Естественно, случаются перерывы и длинноты, в течение которых ни единый кролик не соизволяет высунуть из подлеска свой подергивающийся носик, а борзые и легавые катаются по траве, домогаясь, чтобы им почесали брюхо, или бегают кругами, обнюхивая друг другу зады. Хищные птицы занимаются истреблением мелких грызунов, но самих охотников эти перерывы приводят в замешательство, потому что их не хватает ни на партию в шашки, ни даже на бокал вина. Охотники обнаруживают, что ведут неловкие разговоры, пряча за спину свои окровавленные сабли и арбалеты, словно убийцы, застигнутые на месте преступления болтливым соседом, от которого частенько норовили улизнуть. «Хороший сегодня денек». — «Просто чудный!» Примерно в этом духе. Земля местами стала довольно-таки заболоченной, и слуги, собирающие тушки, поскальзываются в кровавой слякоти. Биббьена и Довицио засунули себе за пазуху подушки, привязали к головам подзорные трубы и расхаживают вокруг, величая себя Антипапами Кампаньи. Все находят это очень забавным.

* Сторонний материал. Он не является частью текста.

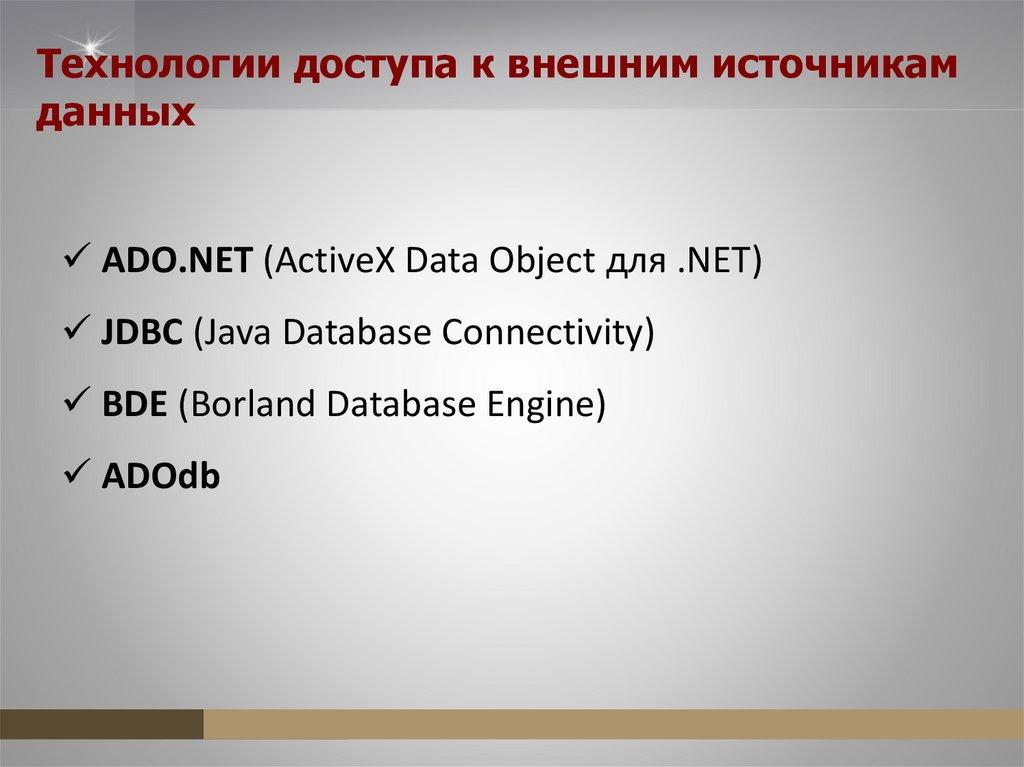 Технологии доступа к внешним источникамданных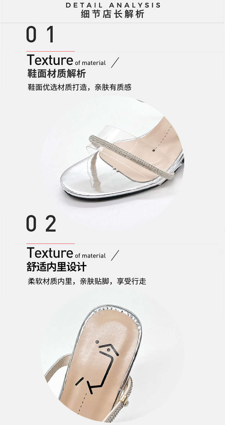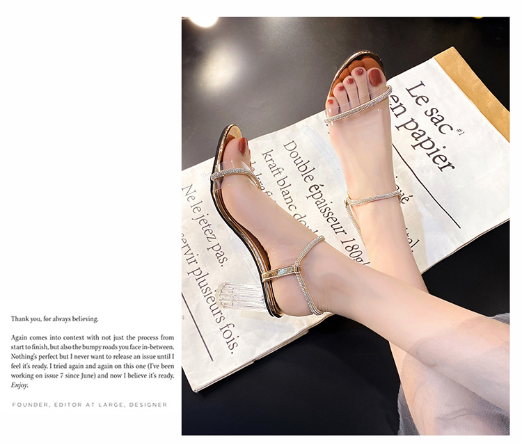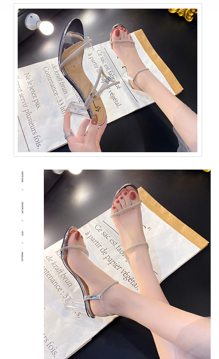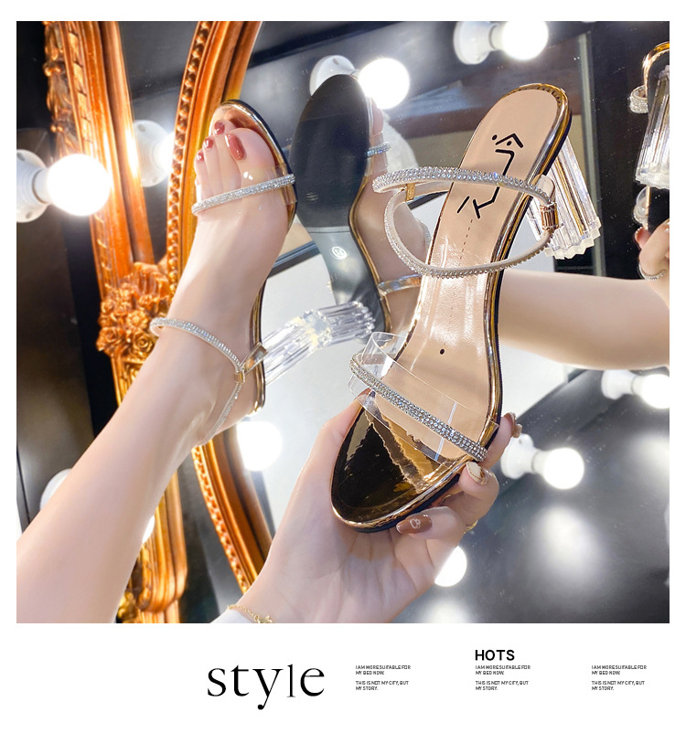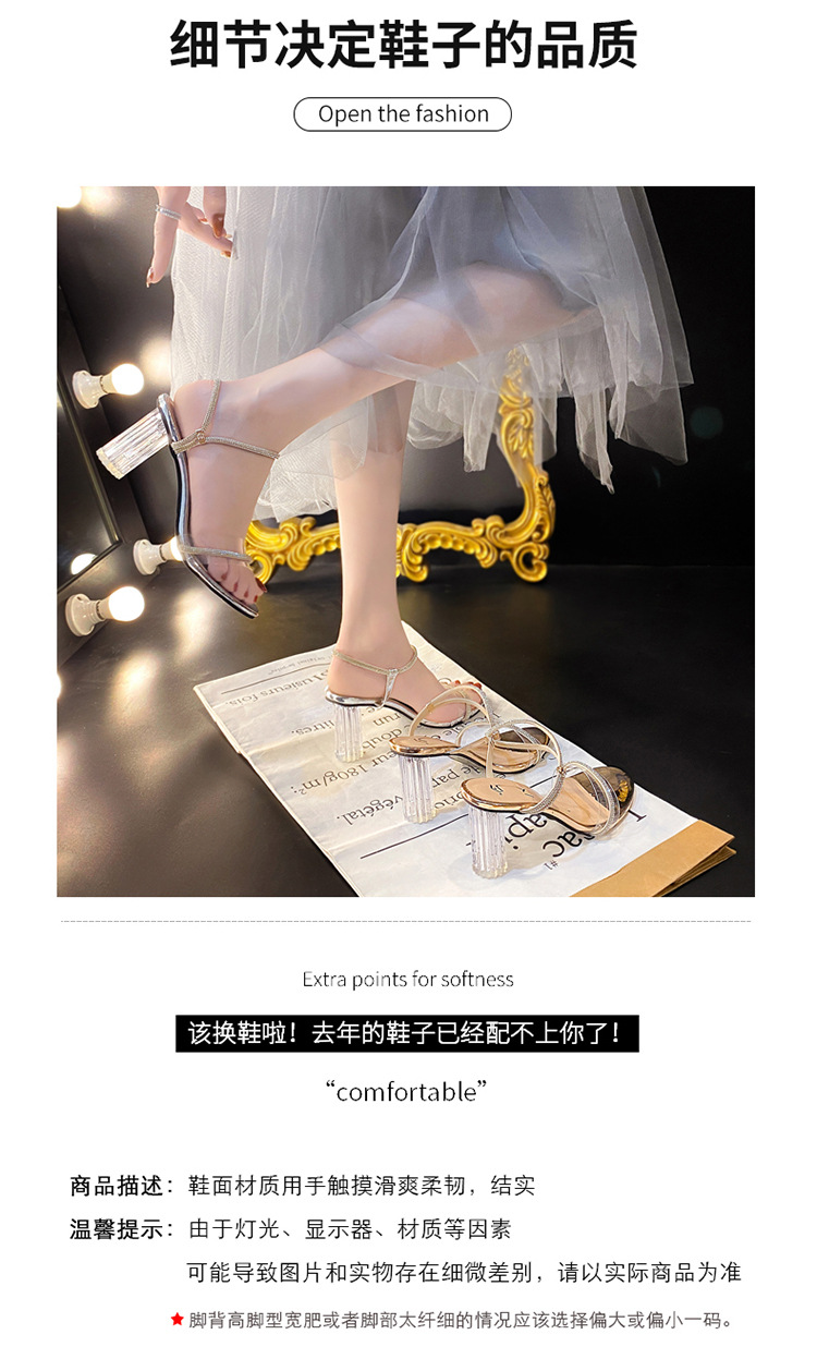 크리스탈 하이힐 여성의 2024 새로운 사이버 기념 투명 프랑스 스타일 신발 샌들 요정 스타일 하이힐과 두꺼운 힐을 여름스토어 가기

Включая Льва, который хлопает в ладоши и смеется вместе с лучшими из них, меж тем как его мысли блуждают между Римом и Прато, туда и обратно…

Амалию съел волк, в этом он более или менее убежден, если учесть, как редко встречаются медведи в окрестностях Флоренции. Точно, волк… А может, лиса! Крупная лиса быстро разделается с беззащитной маленькой девочкой. Он неловко ерзает в своем кресле. Старая болезнь вспыхнула снова во время поездки из Рима — две ночи ужасного внутреннего зуда и несколько мучительных заседаний на горшке. С истошным воем. Очень плохо. Но нет, он же думал о лисах. Он обводит трубой замызганный кровью луг. Лис нигде не видно.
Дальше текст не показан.